---------- SUPPLIED MATERIAL

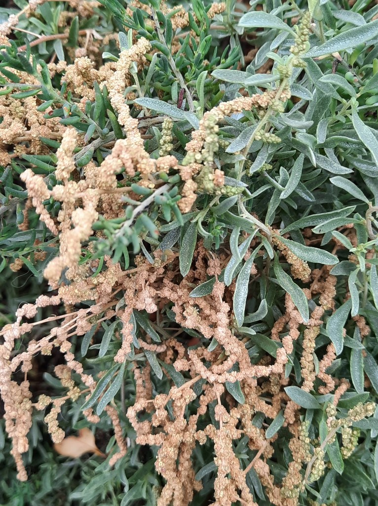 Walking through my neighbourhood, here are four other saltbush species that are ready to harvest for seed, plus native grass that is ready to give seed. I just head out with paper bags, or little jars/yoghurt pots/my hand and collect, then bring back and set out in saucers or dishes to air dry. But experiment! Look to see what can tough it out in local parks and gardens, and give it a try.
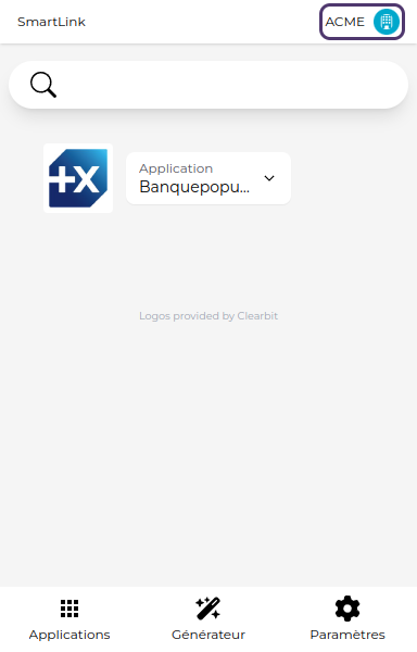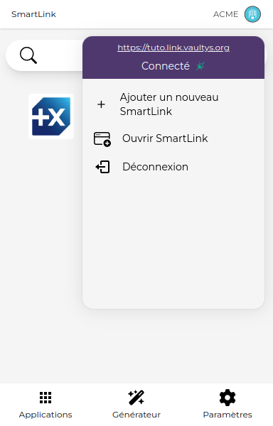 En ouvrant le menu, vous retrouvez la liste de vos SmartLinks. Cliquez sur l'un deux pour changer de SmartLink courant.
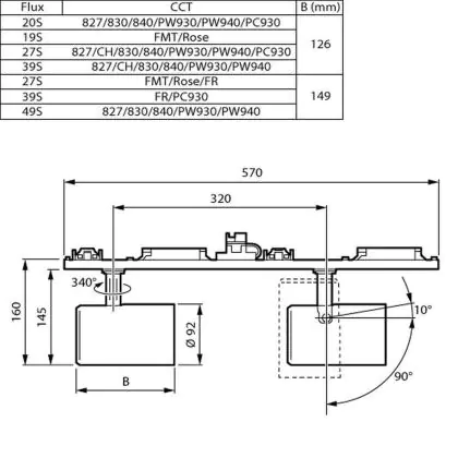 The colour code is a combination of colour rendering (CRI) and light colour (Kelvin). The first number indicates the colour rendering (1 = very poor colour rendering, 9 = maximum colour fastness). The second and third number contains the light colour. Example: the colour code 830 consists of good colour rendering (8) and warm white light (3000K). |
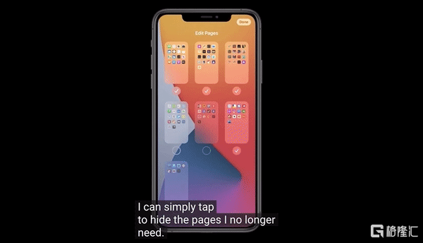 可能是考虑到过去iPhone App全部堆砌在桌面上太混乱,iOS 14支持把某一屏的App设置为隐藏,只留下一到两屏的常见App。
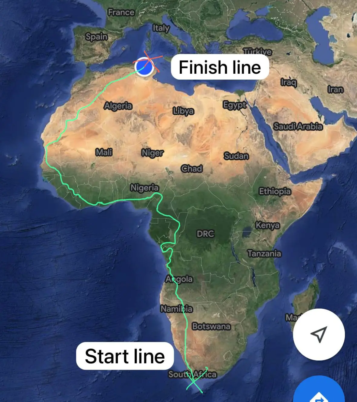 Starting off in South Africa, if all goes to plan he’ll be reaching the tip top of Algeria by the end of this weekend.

--------------------

▶ WORK TASK: Print each record exactly as it stands, omitting the pictures.

▶ EXERCISE ANSWER:
 Walking through my neighbourhood, here are four other saltbush species that are ready to harvest for seed, plus native grass that is ready to give seed. I just head out with paper bags, or little jars/yoghurt pots/my hand and collect, then bring back and set out in saucers or dishes to air dry. But experiment! Look to see what can tough it out in local parks and gardens, and give it a try.
 En ouvrant le menu, vous retrouvez la liste de vos SmartLinks. Cliquez sur l'un deux pour changer de SmartLink courant.
 The colour code is a combination of colour rendering (CRI) and light colour (Kelvin). The first number indicates the colour rendering (1 = very poor colour rendering, 9 = maximum colour fastness). The second and third number contains the light colour. Example: the colour code 830 consists of good colour rendering (8) and warm white light (3000K). |
 可能是考虑到过去iPhone App全部堆砌在桌面上太混乱,iOS 14支持把某一屏的App设置为隐藏,只留下一到两屏的常见App。
 Starting off in South Africa, if all goes to plan he’ll be reaching the tip top of Algeria by the end of this weekend.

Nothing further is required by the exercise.